• **Brief**:
Starting at the line that contains "The test samples" and stopping after the line that contains "2010年9月復(fù)旦大", transcribe the listing below exactly; do not include any pictures.

• **Given information**:

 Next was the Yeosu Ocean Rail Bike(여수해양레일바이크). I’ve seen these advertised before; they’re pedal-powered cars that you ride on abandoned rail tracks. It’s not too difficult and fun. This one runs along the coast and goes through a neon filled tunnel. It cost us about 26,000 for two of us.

---

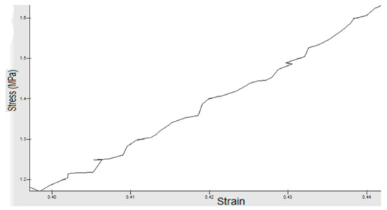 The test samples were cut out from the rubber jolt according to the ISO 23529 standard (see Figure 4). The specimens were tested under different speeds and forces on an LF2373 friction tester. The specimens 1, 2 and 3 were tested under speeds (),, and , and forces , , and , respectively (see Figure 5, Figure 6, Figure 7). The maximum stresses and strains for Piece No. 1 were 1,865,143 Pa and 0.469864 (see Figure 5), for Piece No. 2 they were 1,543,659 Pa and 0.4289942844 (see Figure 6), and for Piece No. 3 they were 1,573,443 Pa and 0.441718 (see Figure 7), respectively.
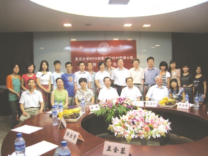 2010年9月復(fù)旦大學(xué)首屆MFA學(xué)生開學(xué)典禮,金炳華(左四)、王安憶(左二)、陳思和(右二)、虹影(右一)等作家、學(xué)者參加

• **Task answer**:
 The test samples were cut out from the rubber jolt according to the ISO 23529 standard (see Figure 4). The specimens were tested under different speeds and forces on an LF2373 friction tester. The specimens 1, 2 and 3 were tested under speeds (),, and , and forces , , and , respectively (see Figure 5, Figure 6, Figure 7). The maximum stresses and strains for Piece No. 1 were 1,865,143 Pa and 0.469864 (see Figure 5), for Piece No. 2 they were 1,543,659 Pa and 0.4289942844 (see Figure 6), and for Piece No. 3 they were 1,573,443 Pa and 0.441718 (see Figure 7), respectively.
 2010年9月復(fù)旦大學(xué)首屆MFA學(xué)生開學(xué)典禮,金炳華(左四)、王安憶(左二)、陳思和(右二)、虹影(右一)等作家、學(xué)者參加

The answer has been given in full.